Requirement: Would you reproduce exactly the lines below from the one holding "The Office blind" through the one holding "4180 ng image1949, Kiukiang", inclusive, and no others?

*** The data

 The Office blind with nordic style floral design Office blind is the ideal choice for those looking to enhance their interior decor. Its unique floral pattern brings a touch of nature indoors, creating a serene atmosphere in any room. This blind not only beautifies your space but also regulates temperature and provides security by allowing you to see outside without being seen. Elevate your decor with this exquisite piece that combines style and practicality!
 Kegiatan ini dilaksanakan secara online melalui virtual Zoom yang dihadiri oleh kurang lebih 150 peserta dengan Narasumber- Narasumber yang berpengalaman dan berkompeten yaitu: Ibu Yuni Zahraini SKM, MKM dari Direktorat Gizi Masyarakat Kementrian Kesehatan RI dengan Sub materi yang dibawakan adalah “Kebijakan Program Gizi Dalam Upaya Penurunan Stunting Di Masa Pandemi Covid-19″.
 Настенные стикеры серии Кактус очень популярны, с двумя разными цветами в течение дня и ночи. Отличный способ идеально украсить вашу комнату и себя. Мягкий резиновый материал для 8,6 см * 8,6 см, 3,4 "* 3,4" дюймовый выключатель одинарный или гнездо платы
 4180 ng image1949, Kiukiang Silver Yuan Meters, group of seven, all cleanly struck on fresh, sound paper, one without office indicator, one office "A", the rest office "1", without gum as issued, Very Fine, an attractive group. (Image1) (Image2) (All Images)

******
*** The data

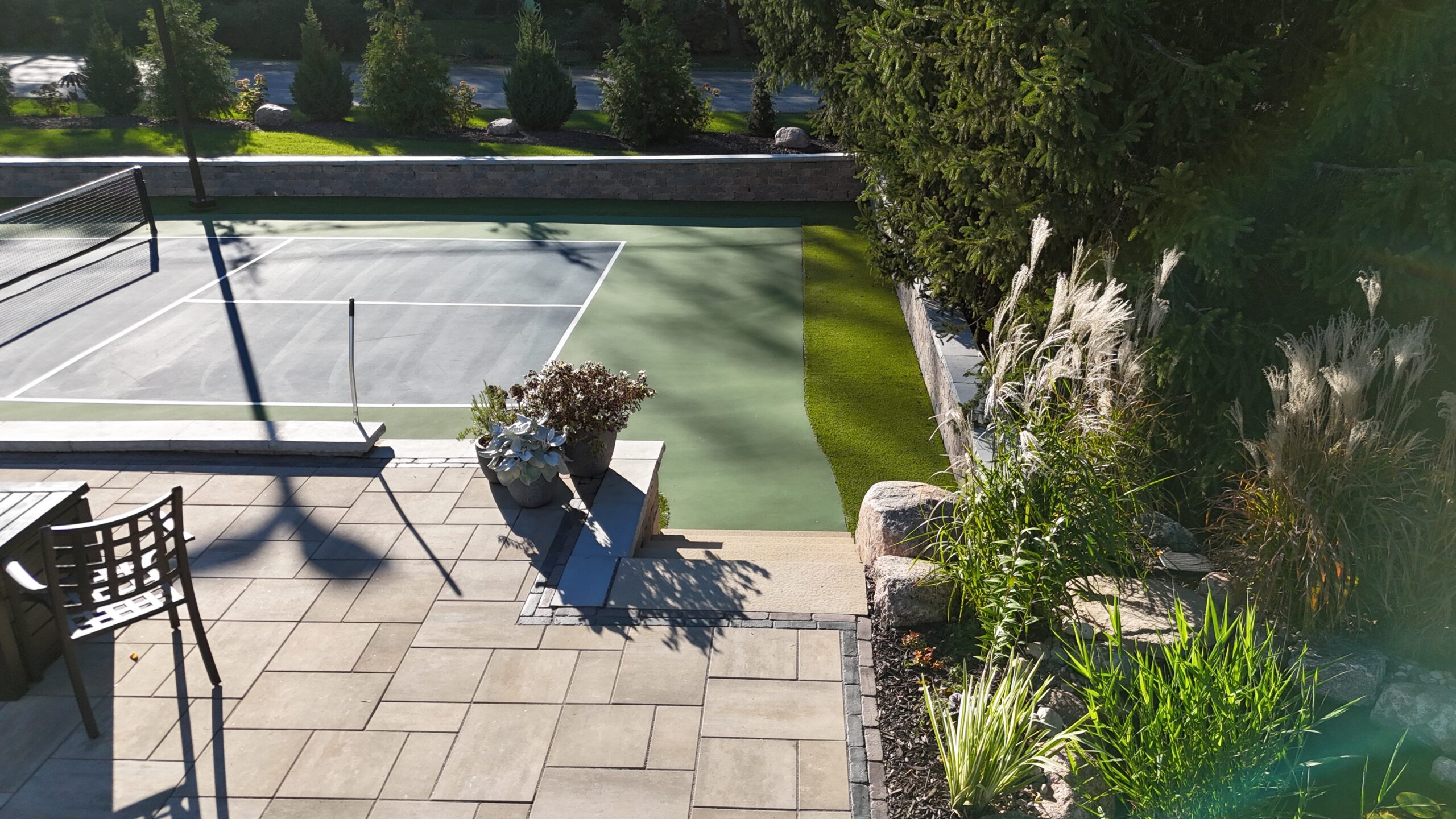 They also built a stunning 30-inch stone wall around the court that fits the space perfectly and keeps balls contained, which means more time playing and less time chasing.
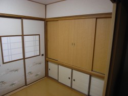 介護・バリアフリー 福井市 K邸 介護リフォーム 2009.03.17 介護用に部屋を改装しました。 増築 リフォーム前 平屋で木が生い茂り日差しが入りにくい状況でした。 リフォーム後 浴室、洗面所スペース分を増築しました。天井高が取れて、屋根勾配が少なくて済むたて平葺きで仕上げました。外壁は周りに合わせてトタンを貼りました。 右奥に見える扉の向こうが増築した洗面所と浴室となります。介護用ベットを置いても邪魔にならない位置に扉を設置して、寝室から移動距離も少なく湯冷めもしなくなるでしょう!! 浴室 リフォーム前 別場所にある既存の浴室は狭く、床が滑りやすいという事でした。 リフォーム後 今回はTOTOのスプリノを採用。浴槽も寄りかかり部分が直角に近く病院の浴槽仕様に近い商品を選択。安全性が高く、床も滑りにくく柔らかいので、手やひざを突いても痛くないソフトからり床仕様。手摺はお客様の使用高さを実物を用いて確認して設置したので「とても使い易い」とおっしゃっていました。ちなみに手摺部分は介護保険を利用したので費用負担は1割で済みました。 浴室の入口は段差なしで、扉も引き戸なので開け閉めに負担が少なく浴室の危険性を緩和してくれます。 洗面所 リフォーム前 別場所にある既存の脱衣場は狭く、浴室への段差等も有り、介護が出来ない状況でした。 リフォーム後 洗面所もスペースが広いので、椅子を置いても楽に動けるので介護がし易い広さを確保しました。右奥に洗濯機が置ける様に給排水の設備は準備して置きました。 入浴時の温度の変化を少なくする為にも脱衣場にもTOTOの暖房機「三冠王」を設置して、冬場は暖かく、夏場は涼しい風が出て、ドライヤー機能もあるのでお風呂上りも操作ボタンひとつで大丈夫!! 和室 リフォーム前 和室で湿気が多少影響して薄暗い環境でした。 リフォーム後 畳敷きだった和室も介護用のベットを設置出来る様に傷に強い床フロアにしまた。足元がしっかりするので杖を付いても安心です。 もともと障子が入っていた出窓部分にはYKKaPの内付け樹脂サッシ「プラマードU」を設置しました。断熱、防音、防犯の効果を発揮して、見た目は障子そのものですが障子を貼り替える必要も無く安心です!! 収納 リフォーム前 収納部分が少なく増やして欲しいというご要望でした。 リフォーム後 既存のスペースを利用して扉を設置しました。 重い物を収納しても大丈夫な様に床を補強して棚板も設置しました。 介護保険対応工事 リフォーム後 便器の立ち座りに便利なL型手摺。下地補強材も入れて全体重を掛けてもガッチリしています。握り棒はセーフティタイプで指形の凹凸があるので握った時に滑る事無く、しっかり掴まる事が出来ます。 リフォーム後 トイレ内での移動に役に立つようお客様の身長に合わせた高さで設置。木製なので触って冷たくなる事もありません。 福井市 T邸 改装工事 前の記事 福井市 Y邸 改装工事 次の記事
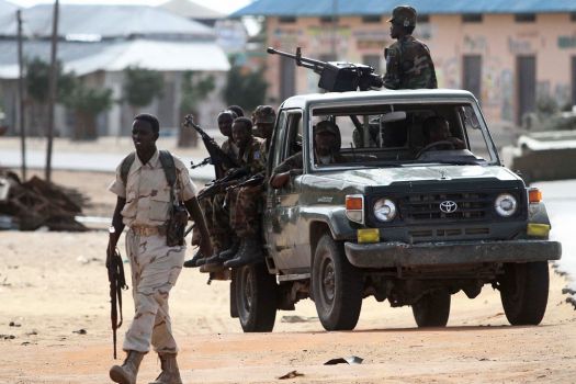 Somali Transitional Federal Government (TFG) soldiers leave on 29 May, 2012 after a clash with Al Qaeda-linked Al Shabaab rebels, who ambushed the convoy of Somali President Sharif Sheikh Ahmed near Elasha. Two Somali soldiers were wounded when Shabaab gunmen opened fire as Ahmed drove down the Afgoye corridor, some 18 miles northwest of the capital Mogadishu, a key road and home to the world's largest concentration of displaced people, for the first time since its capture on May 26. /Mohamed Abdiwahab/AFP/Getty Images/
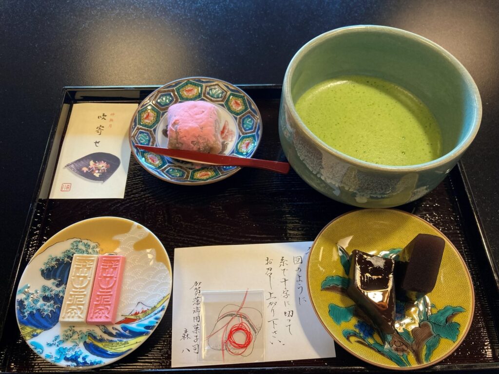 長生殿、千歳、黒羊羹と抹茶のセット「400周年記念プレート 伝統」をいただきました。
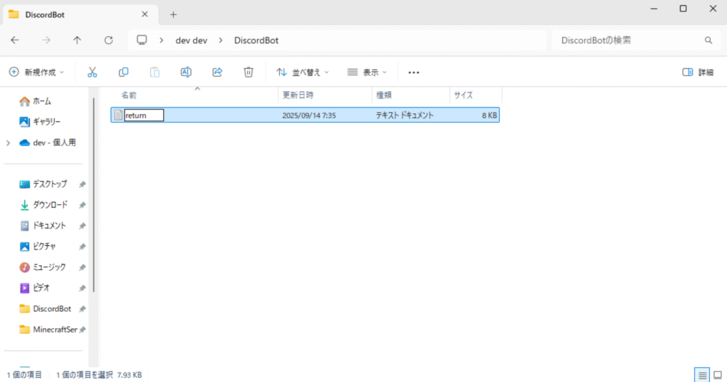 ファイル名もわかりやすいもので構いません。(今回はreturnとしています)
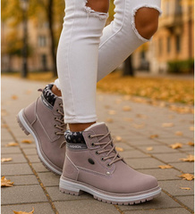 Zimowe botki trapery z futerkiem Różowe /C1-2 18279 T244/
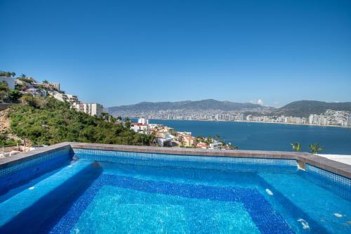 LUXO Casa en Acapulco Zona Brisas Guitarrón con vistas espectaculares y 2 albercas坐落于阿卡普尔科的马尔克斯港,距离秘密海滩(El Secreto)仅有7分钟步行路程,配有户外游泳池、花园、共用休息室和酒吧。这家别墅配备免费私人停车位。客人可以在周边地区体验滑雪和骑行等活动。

******

Task answer:
 The Office blind with nordic style floral design Office blind is the ideal choice for those looking to enhance their interior decor. Its unique floral pattern brings a touch of nature indoors, creating a serene atmosphere in any room. This blind not only beautifies your space but also regulates temperature and provides security by allowing you to see outside without being seen. Elevate your decor with this exquisite piece that combines style and practicality!
 Kegiatan ini dilaksanakan secara online melalui virtual Zoom yang dihadiri oleh kurang lebih 150 peserta dengan Narasumber- Narasumber yang berpengalaman dan berkompeten yaitu: Ibu Yuni Zahraini SKM, MKM dari Direktorat Gizi Masyarakat Kementrian Kesehatan RI dengan Sub materi yang dibawakan adalah “Kebijakan Program Gizi Dalam Upaya Penurunan Stunting Di Masa Pandemi Covid-19″.
 Настенные стикеры серии Кактус очень популярны, с двумя разными цветами в течение дня и ночи. Отличный способ идеально украсить вашу комнату и себя. Мягкий резиновый материал для 8,6 см * 8,6 см, 3,4 "* 3,4" дюймовый выключатель одинарный или гнездо платы
 4180 ng image1949, Kiukiang Silver Yuan Meters, group of seven, all cleanly struck on fresh, sound paper, one without office indicator, one office "A", the rest office "1", without gum as issued, Very Fine, an attractive group. (Image1) (Image2) (All Images)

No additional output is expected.